The FTC said in court records filed Tuesday that debt collectors at Expert Global Solutions of Plano, Texas, used abusive tactics like calling people several times a day, early in the morning or late at night, and even at their workplace. In some instances, the collectors wouldn't stop calling consumers even after debts were paid, because they had not verified if the debt still existed, according to the settlement.

"In numerous instances (Expert Global Solutions debt collectors) call persons repeatedly or continuously with the intent to annoy, harass or abuse," the FTC said in a settlement filed in federal court in Texas. Expert Global Solutions is the world's largest debt collector with 32,000 employees and $1.2 billion in annual revenue, according to court filings."
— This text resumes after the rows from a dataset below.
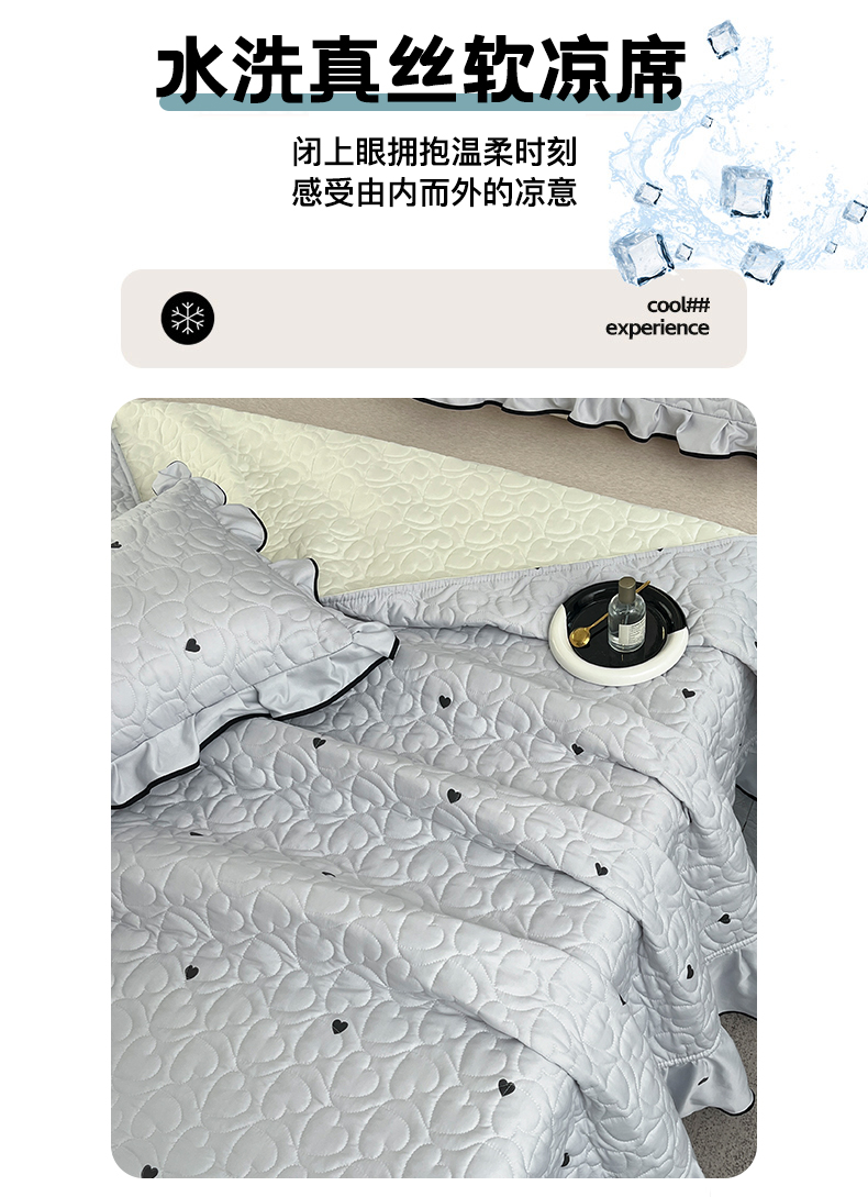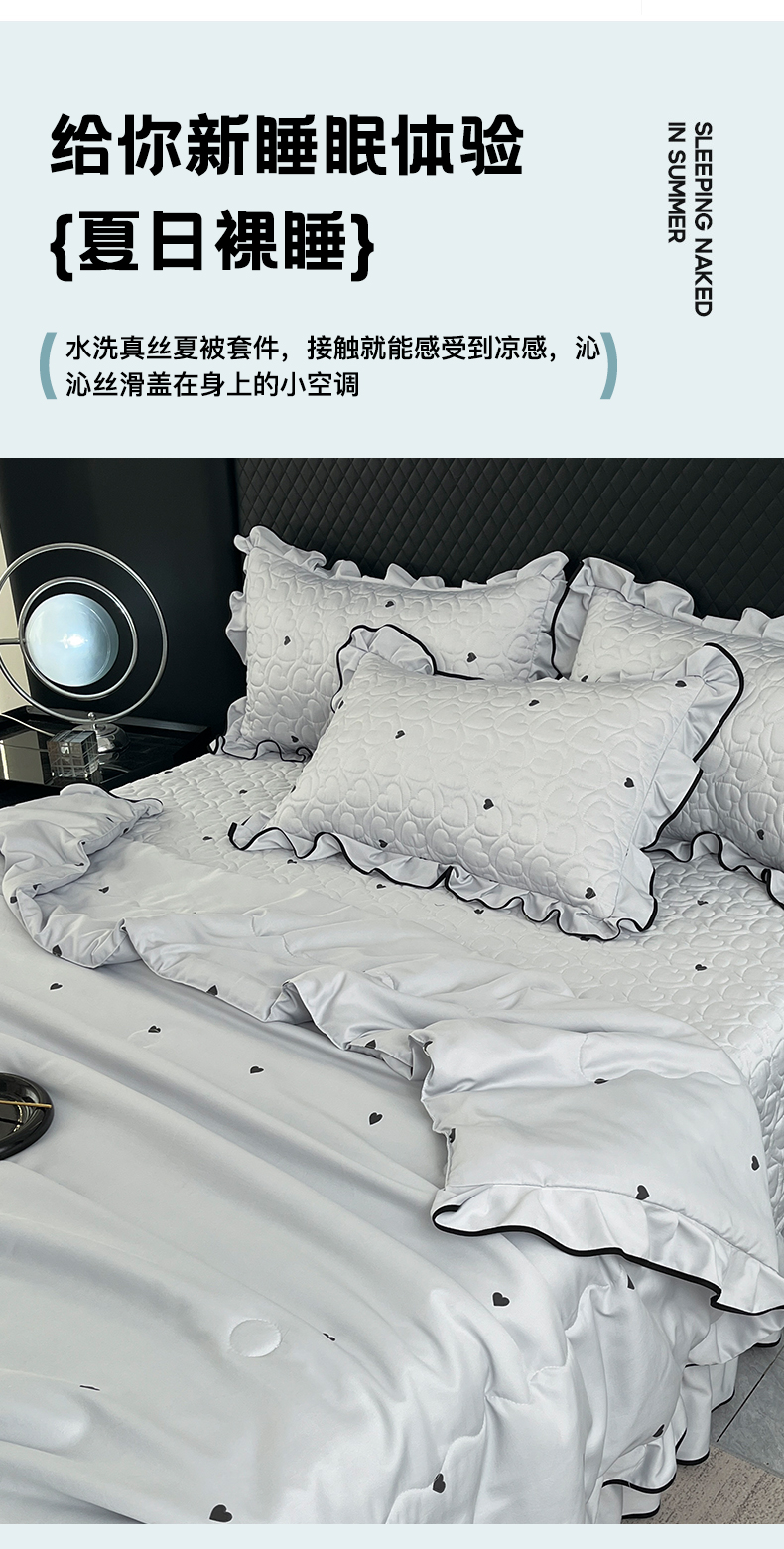 商品名称:星光耀 2026新款水洗真丝夏被床盖四件套 爱心太空灰
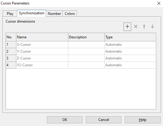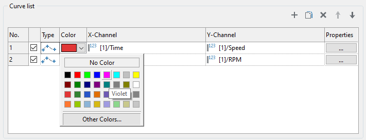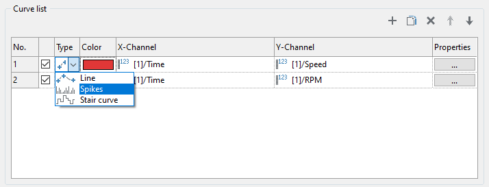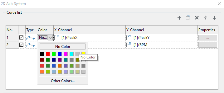 The upper section of the dialog labeled 'Curve List' will list any curves assigned to the 2D Axis System. You may use the toolbar within the Curve List frame to edit, add, and delete curves. Within a specific Curve List Item, the column 'No.' identifies the curve, and the checkbox enables or disables the display of the curve. The column 'Type' allows you to select between a curve type of 'Line', 'Spikes', and 'Stair curve'.
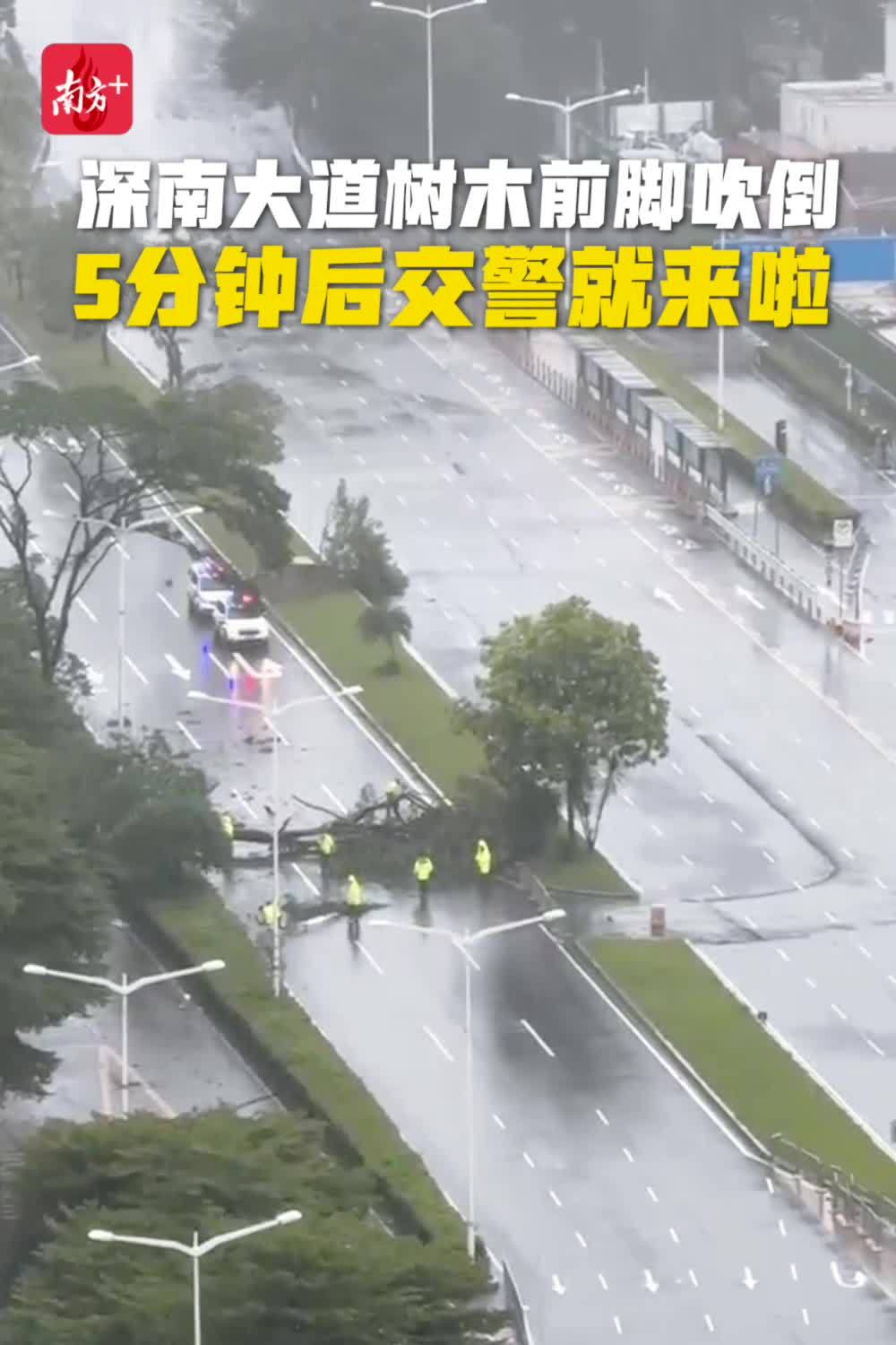 深南大道树木前脚吹倒,深圳交警5分钟赶到清障
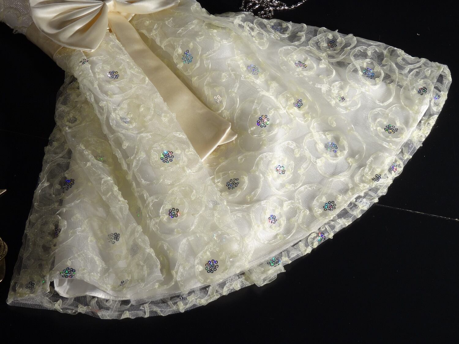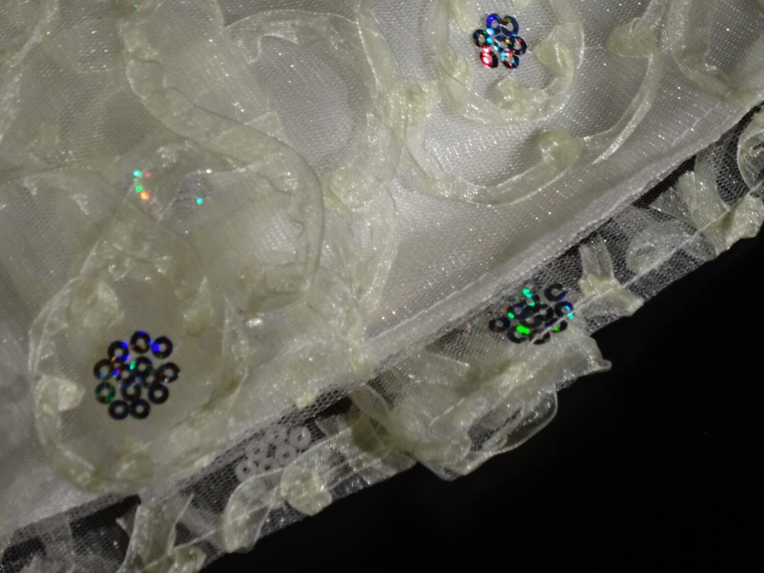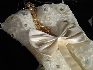スパンコ-ルのあしなわれ光の当たりでキラキラ光る女性らしいドレスです。オーガンジ-に覆われ高級感を演出してくれています。パーティ-や結婚式など目を引く事間違いありません。裏地付。
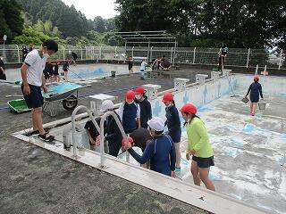 先ずは、プール清掃ですね。今週から水泳の授業が行えるように、先週金曜日(3日)に6年生と父親塾の皆さんが一生懸命に掃除をしてくれました<(_ _)>先生方もご協力ありがとうございました。プールの中からプールサイド、そして、周りの木々の伐採まで、少ない人数でよく頑張ってくれました。感謝・感謝です(*^▽^*)ありがとうございました。<(_ _)>
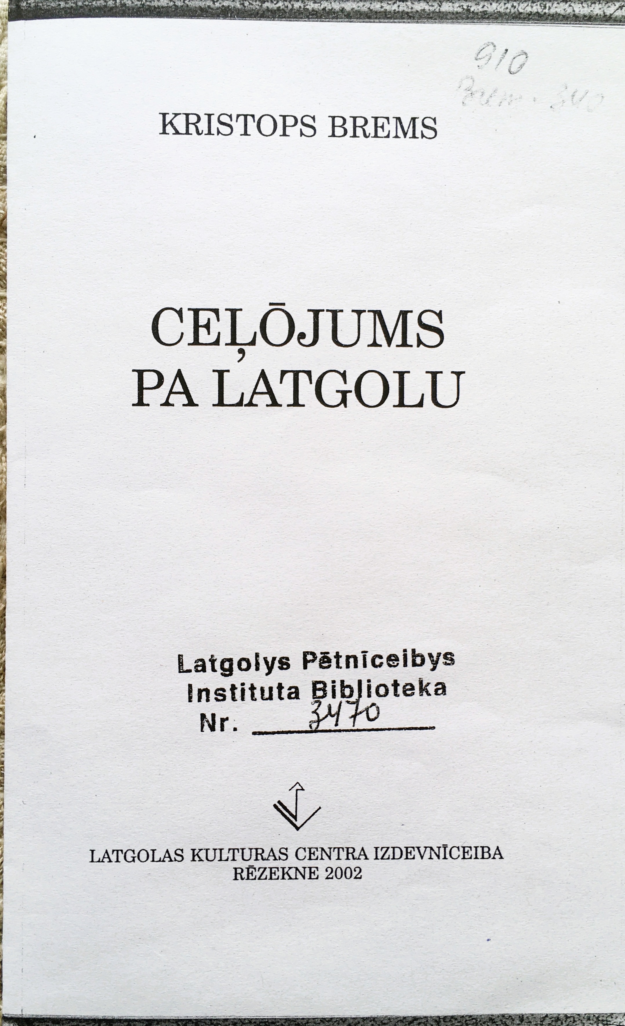 [2] Brems K. Vēstule sīvai // Brems K. Ceļōjums pa Latgolu. – Rēzekne: Latgolas Kulturas centra izdevnīceiba, 2002., 6. lpp.
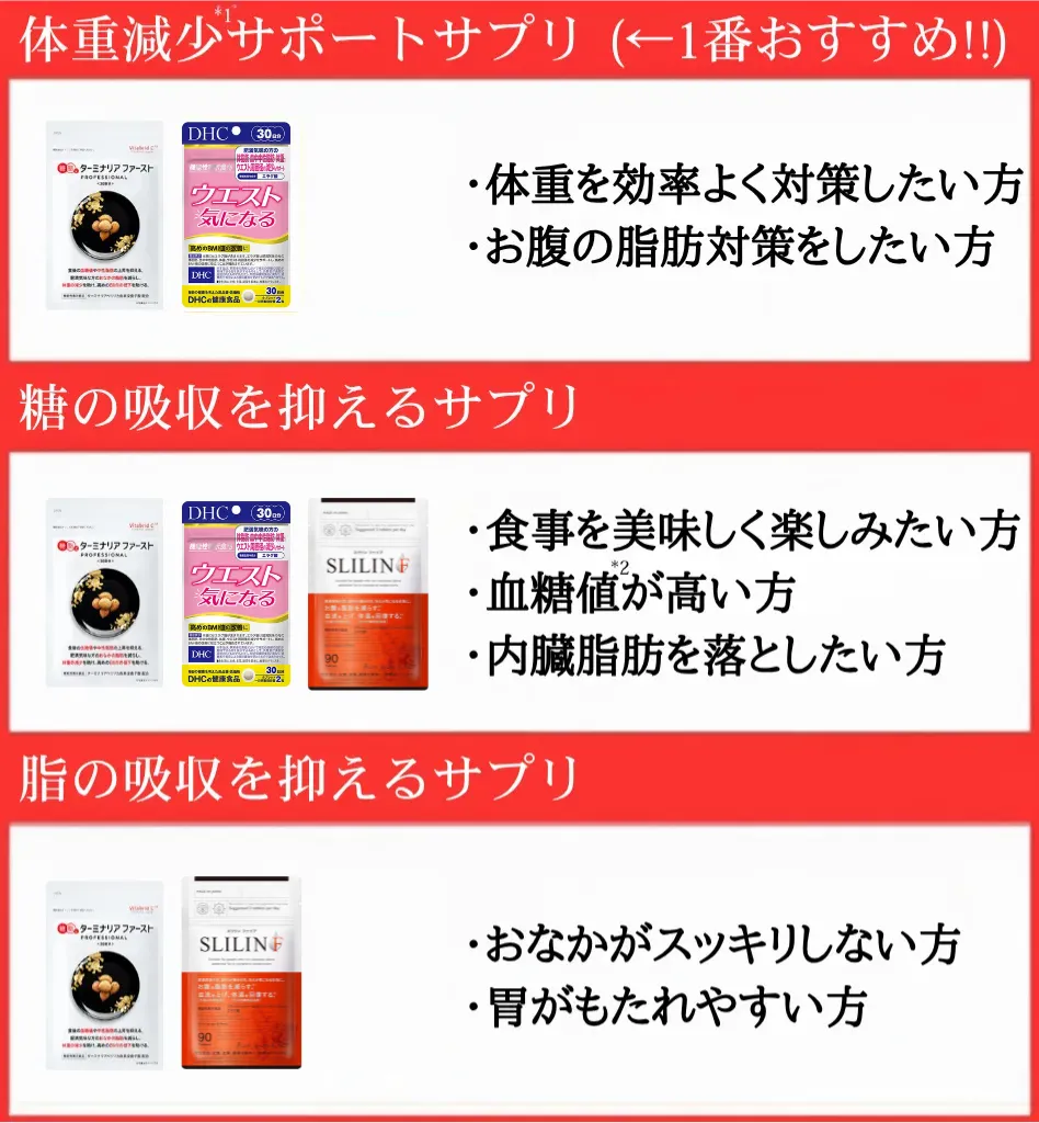 最後になりますが、今回紹介した本当におすすめの脂肪対策サプリをまとめておきます。
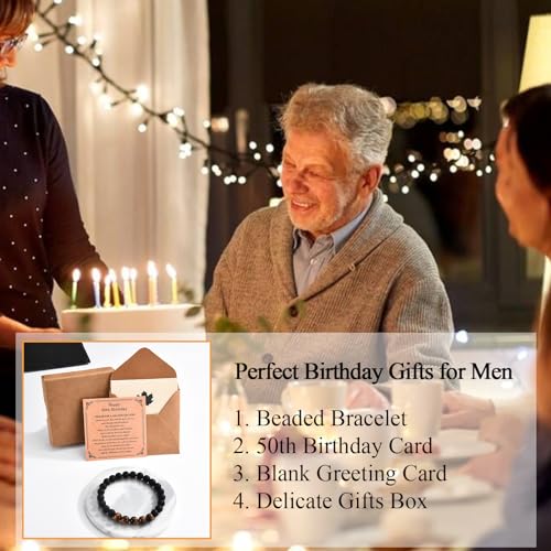 • Ready for Giving: 50th birthday gifts for him will come with a cool beaded bracelet, a meaningful 50th birthday card, a blank greeting card with an envolope and a gift box. Best mens 50th birthday gift ideas for son/husband/dad/friend/uncle/grandpa on his 50 birthday party
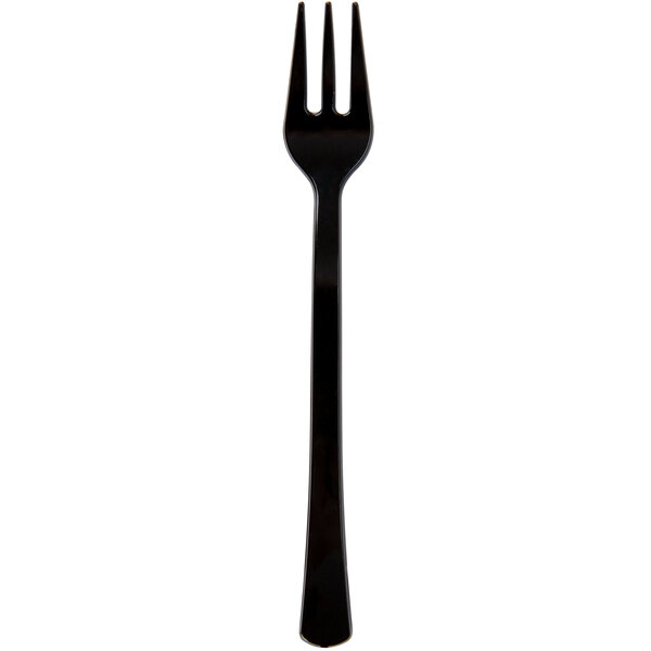 Do you want the cake and eat it too? Make sure your miniatures, dessert or petite samples are not gone with one spoon. Be confident it’s enjoyed bite by bite with these Fineline Tiny Temptations 6500-BK 3 7/8″ Tiny Tines Black Plastic Tasting Fork. With that sweet trend, it makes sure that your product makes a statement! Along with it’s curved handle and perfect width, this product can stand out on your delicious edibles making it inviting and tempting. Treat yourself; tantalize your guests; tempt every spectator as you transform your table with these terrific miniature disposable dishes that maximize every opportunity for creativity in serving.
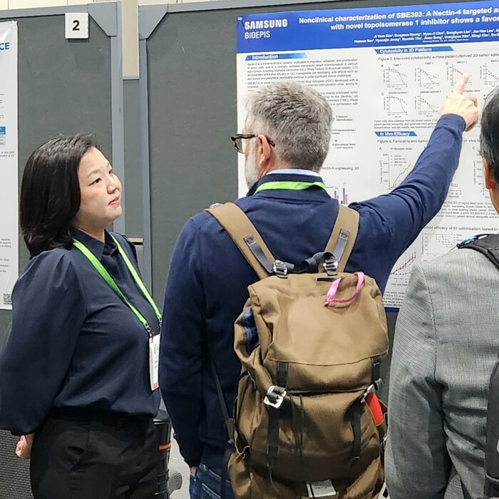 삼성바이오에피스가 현지시간 20일 현장 포스터 발표 세션을 통해 공개한 전(前)임상 결과에 따르면, SBE303은 기존 넥틴-4 표적 치료제 대비 항체의 종양세포 결합 특이성과 세포 내 약물 전달 효율이 개선된 것으로 확인했다.
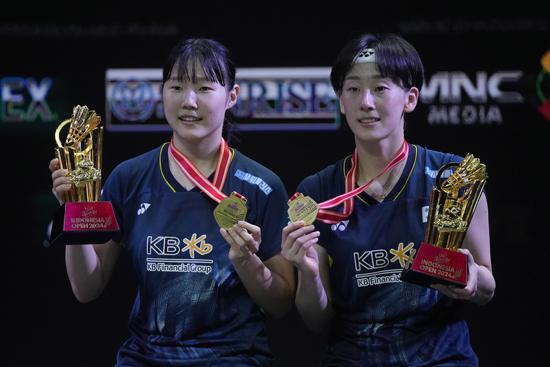 배드민턴 여자 복식 백하나(MG새마을금고)-이소희(인천국제공항) 조가 \'2024 인도네시아 오픈 배드민턴 선수권대회\' 우승을 차지했다.
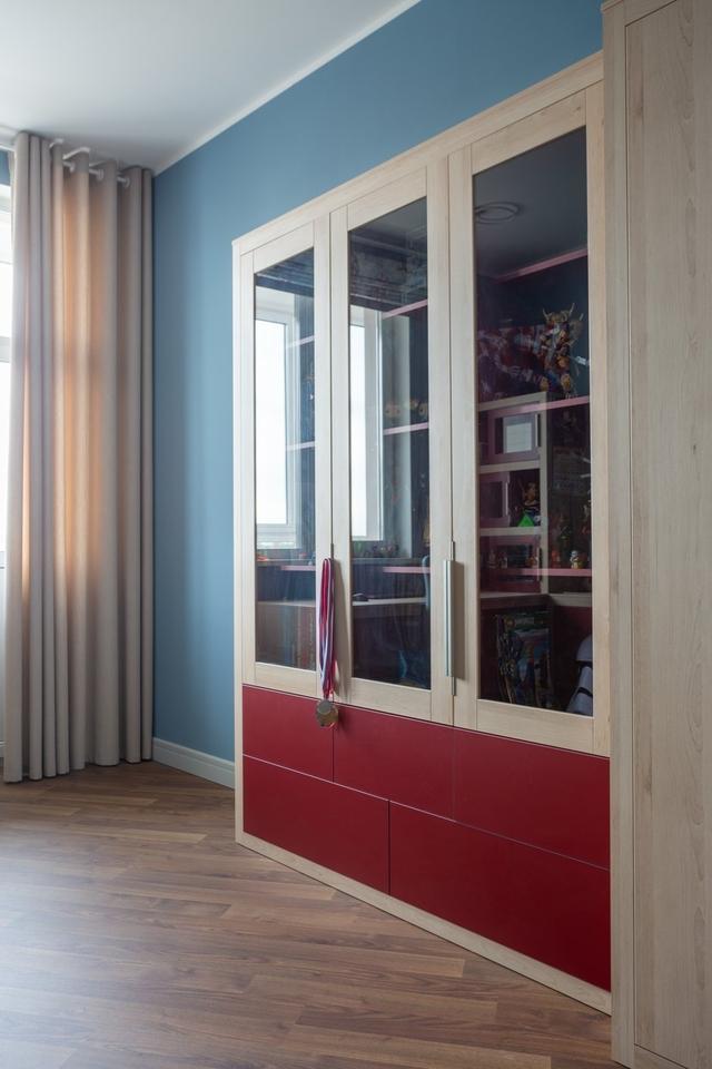 衣柜没有打满墙,旁边多加了个立柜,收纳孩子的玩具、书籍,这样也省得摆在地面上到处都是。
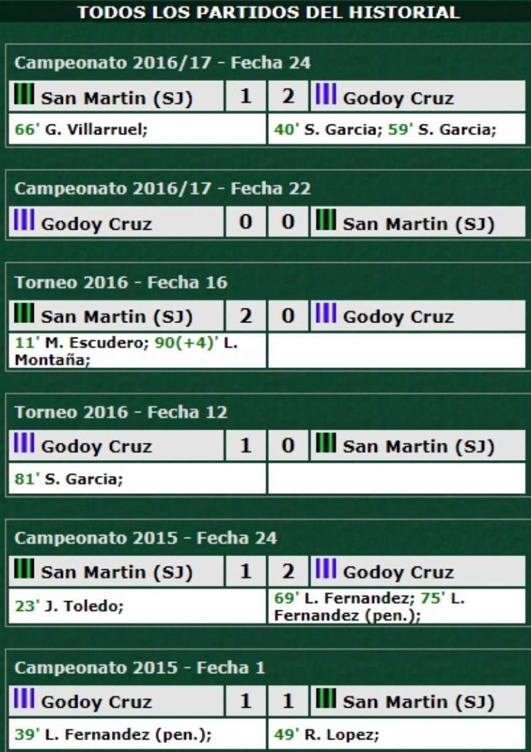 La ventaja en el historial favorece a Godoy Cruz, con cinco victorias sobre dos de los sanjuaninos y tres empates. Pero hay un dato no menor y es que San Martín nunca pudo ganar en Mendoza, siempre teniendo en cuenta a la primera división: el Tomba ganó dos y empataron tres cuando les tocó jugar en el Malvinas Argentinas.

FTC fines debt collector $3.2 million for harassment - Jul. 9, 2013


Nice to see these vultures get popped for some loot....I hope they are hounded until they pay up!!!:razz:
 
Debt scammers shut down...
:cool:
FTC Shuts Down Two Scammers
September 13, 2013 — The FTC announced earlier this week that it has shut down two fraudulent debt relief services. The defendants in both cases ran their operations by cold-calling consumers and offering to help lower interest rates and monthly payments on credit card bills without ever actually providing these services. Although unrelated, both scams worked in nearly identical ways.
"Essentially what they would do is they'd call consumers and promise them that for an up front fee they would be able to substantially reduce their interest rates, help pay off their debt faster," said Spencer Elg, an FTC attorney involved with the case against Innovative Wealth Builders.

Consumers would pay a fee, typically between $795 and $1,200 according to Elg. In return they got nothing, or next to it. "Some consumers didn't get anything at all," Elg said. "Some consumers received an initial set of terms and conditions, and once they'd filled those out they got something called a financial plan. It was eight to 10 pages; basically it said that if you pay more, you pay off your debts faster and pay less interest over time."

Defendants in the second FTC case against Florida residents Brett Fisher and Andre Keith Sanders ran a largely identical scheme, although one that featured a robo-caller named Rachel to make the introduction. "What he and his cohort were doing was promising consumers that they could lower their credit car interest rates and save thousands of dollars," said Korin Ewing Felix, an FTC attorney involved with the Fisher case. "Ultimately consumers paid hundreds of dollars for this. What they would get would be a package of documents and a budget plan that said 'if you start paying more than your monthly minimum, then you can pay your credit cards faster, then you won't ultimately pay as much.'"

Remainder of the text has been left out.